Typically, sports fans are discouraged from hurling objects onto the field of play. But in figure skating, it’s a tradition for fans to inundate their favorite skaters with gifts when they finish a routine. The shower of Pooh bears was a show of appreciation for Hanyu, who has taken Winnie the Pooh as an unofficial mascot.
The stuffed bear idolatry began with a Pooh-shaped tissue holder that Hanyu brings to most competitions. He established a ritual where he gives the bear a quick hug before every skate. Fans soon caught on, and started bringing Pooh paraphernalia to Hanyu’s performances. Because of Olympic branding rules, Hanyu couldn’t bring his own Pooh to the rink; thankfully, his fans really stepped up.
Hanyu is far from the only skater to receive stuffed animals from adoring fans. Prior to the 2000’s, flowers were the standard post-skate gift. But in 2001, they were banned by the U.S. Figure Skating Association, in part because of a concern about potential anthrax attacks.
The flower prohibition meant fans had to exercise their creativity, finding new tokens that could be tossed onto the ice without causing any damage. Stuffed animals became the go-to choice.
Over the past 20 years, it’s become standard practice for famous skaters to accrue plush toys. Hanyu must have enough Pooh bears to form a small army, and former U.S. champion Michelle Kwan still has bags of stuffed animals residing in her parents’ attic. American skater Gracie Gold was once given a human-sized stuffed bear with a bag of Reeses Peanut Butter Cups.

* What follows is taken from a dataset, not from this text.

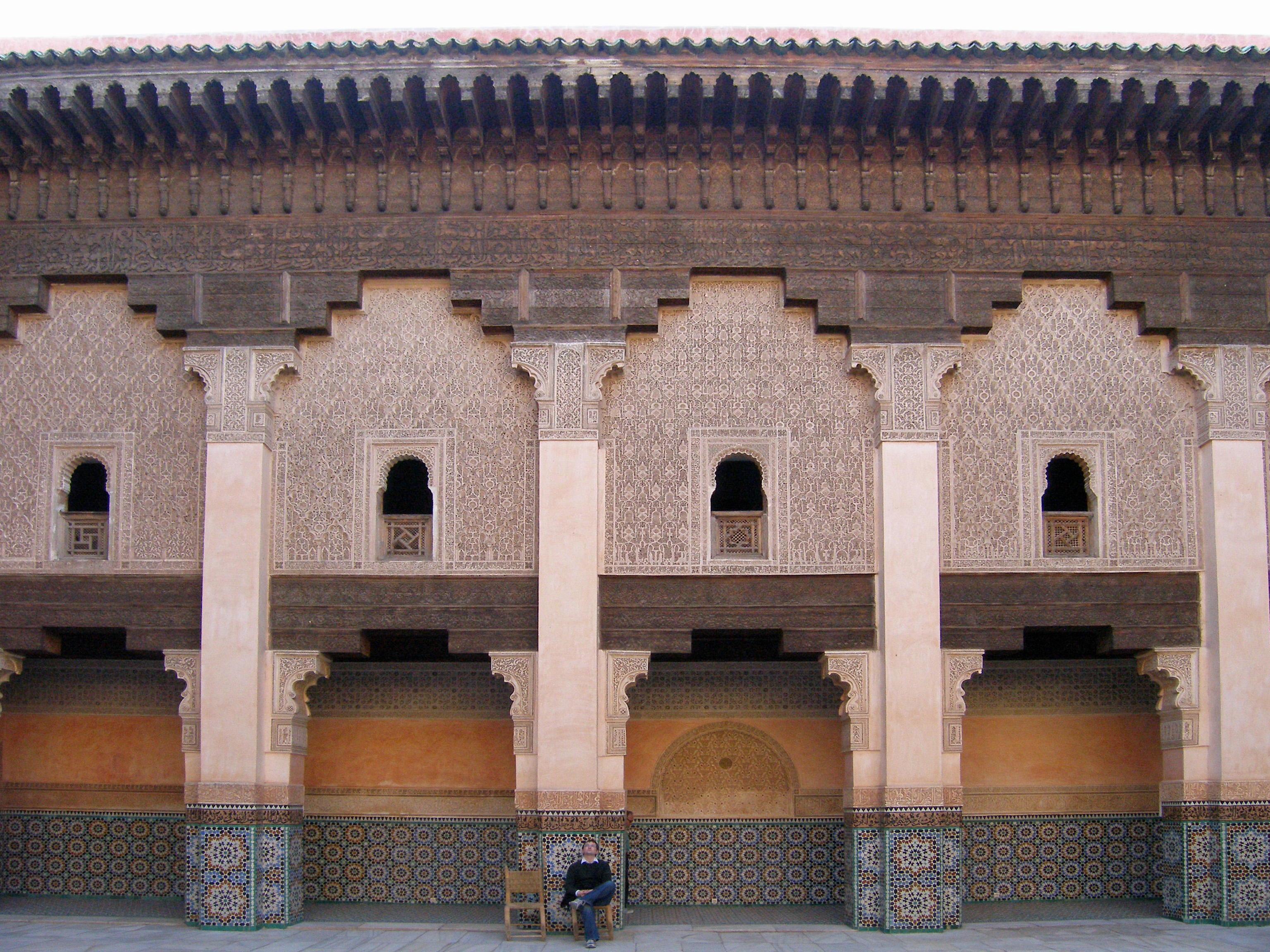 The Ben Youssef Medrassa in Marrakech.

But not all figure skating fans adhere to the stuffed animal convention. A particularly brazen fan once tossed a box of Domino’s Pizza on the rink after a performance by 1988 Olympic bronze medalist Debi Thomas. Canadian skater Elvis Stojko told ESPN in 2010 that a fan once hurled lingerie onto the ice after a skate.
“I remember at one competition the panties came out on the ice after my short program and the top came out the next night after the long program, with a phone number and name attached,” Stojko said.
Olympic silver medalist Sasha Cohen once left Paris with a haul of cashmere sweaters. “I may have worn them back,” Cohen told NBC Sports.
Such is the experience of an Olympic figure skater, a life of glitz, glamor, and gifts.